+++ LISTED ENTRIES
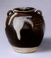 罐口外撇,短颈,圆腹,平底,肩部两面各有一系,器里外施黑褐色釉,外部施釉不到底,罐口和腹身各有三块及四块灰蓝色斑纹
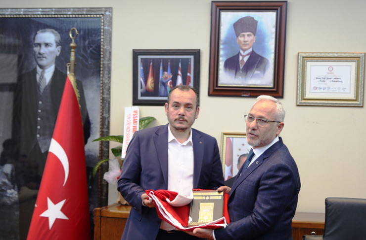 Yapılan konuşmaların ardından İlçe Başkanı Güven, Başkan Tosyalı’ya Türk Bayrağı ve Kuranı Kerim hediye etti.
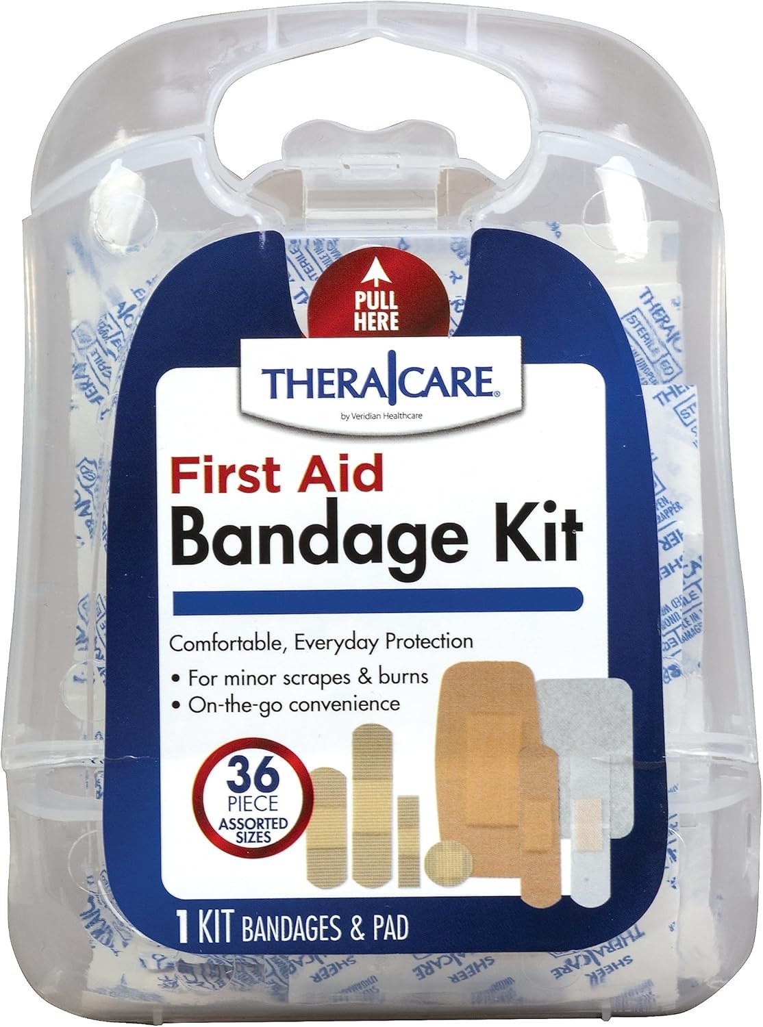 Thera|Care First Aid Bandage Kit provides Sterile bandages help to cover wounds from dirt, debris and germs to help prevent infection Sizes: 10 Sheer Small Strip Bandages (.375” x 1.25”) 8 Sheer Spot Bandages (.875” x .875”) 8 Sheer Junior Strip Bandages (.75” x 2.25”) 4 Sheer Strip Bandages (.75” x 3”) 2 Clear Strip Bandages (.75” x 3”) 2 Flexible Fabric Strip Bandages (.75” x 3”) 1 Flexible Fabric Patch Bandages (2” x 4”) 1 Non-Stick Pad (2” x 3”)
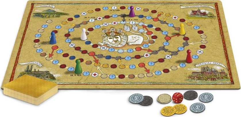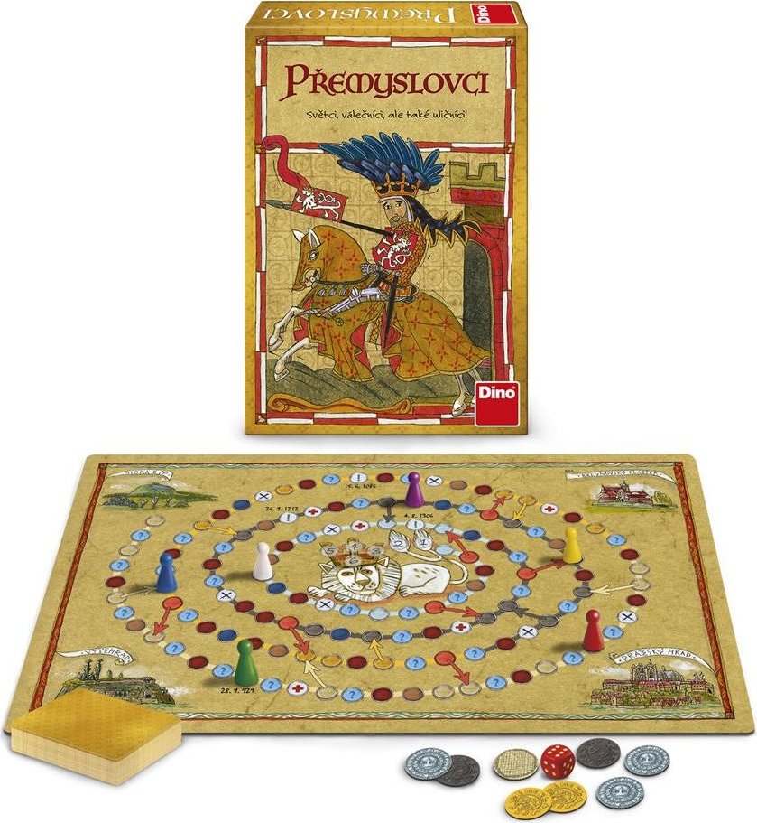 Cestujte v čase a přeneste se do doby vlády Přemyslovců. Z hory Říp vás tam dovede spirála času, na jejímž konci čeká dvouocasý český lev. Dotknete se drahokamů na jeho koruně jako první? Pak v historickém klání zvítězíte! Jako bonus si užijete chytrou zábavu a zopakujete si důležitá fakta o jedné z nejvýznamnějších panovnických dynastií naší země. Hra Přemyslovci důvtipně kombinuje strategii s vědomostními prvky, takže hráče nejen vzdělává, ale hlavně baví. Balení obsahuje: 1 herní plán, 48 karet s otázkami, 12 karet s osobnostmi, 80 mincí, 6 figurek, 1 hrací kostku, 1 pravidla. Vhodné pro děti od 8 let.Vlastnosti
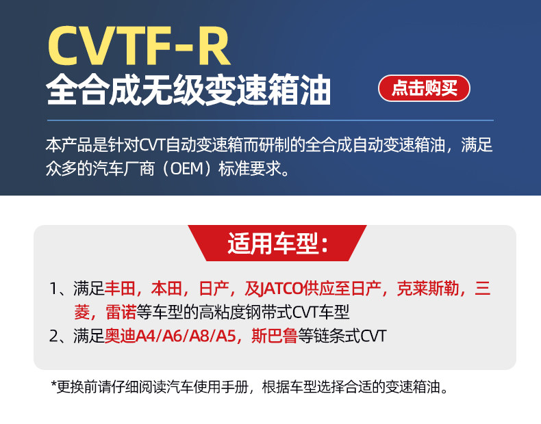 Nobelrun Cvt Fully Synthetic Stepless Transmission Oil Cvtf-R Universal Transmission Oil 1L Pack
++++++
TASK ITEM:
Could the material above be given again in full and exactly, with its pictures left out?

ANSWER TO THIS TASK:
 罐口外撇,短颈,圆腹,平底,肩部两面各有一系,器里外施黑褐色釉,外部施釉不到底,罐口和腹身各有三块及四块灰蓝色斑纹
 Yapılan konuşmaların ardından İlçe Başkanı Güven, Başkan Tosyalı’ya Türk Bayrağı ve Kuranı Kerim hediye etti.
 Thera|Care First Aid Bandage Kit provides Sterile bandages help to cover wounds from dirt, debris and germs to help prevent infection Sizes: 10 Sheer Small Strip Bandages (.375” x 1.25”) 8 Sheer Spot Bandages (.875” x .875”) 8 Sheer Junior Strip Bandages (.75” x 2.25”) 4 Sheer Strip Bandages (.75” x 3”) 2 Clear Strip Bandages (.75” x 3”) 2 Flexible Fabric Strip Bandages (.75” x 3”) 1 Flexible Fabric Patch Bandages (2” x 4”) 1 Non-Stick Pad (2” x 3”)
 Cestujte v čase a přeneste se do doby vlády Přemyslovců. Z hory Říp vás tam dovede spirála času, na jejímž konci čeká dvouocasý český lev. Dotknete se drahokamů na jeho koruně jako první? Pak v historickém klání zvítězíte! Jako bonus si užijete chytrou zábavu a zopakujete si důležitá fakta o jedné z nejvýznamnějších panovnických dynastií naší země. Hra Přemyslovci důvtipně kombinuje strategii s vědomostními prvky, takže hráče nejen vzdělává, ale hlavně baví. Balení obsahuje: 1 herní plán, 48 karet s otázkami, 12 karet s osobnostmi, 80 mincí, 6 figurek, 1 hrací kostku, 1 pravidla. Vhodné pro děti od 8 let.Vlastnosti
 Nobelrun Cvt Fully Synthetic Stepless Transmission Oil Cvtf-R Universal Transmission Oil 1L Pack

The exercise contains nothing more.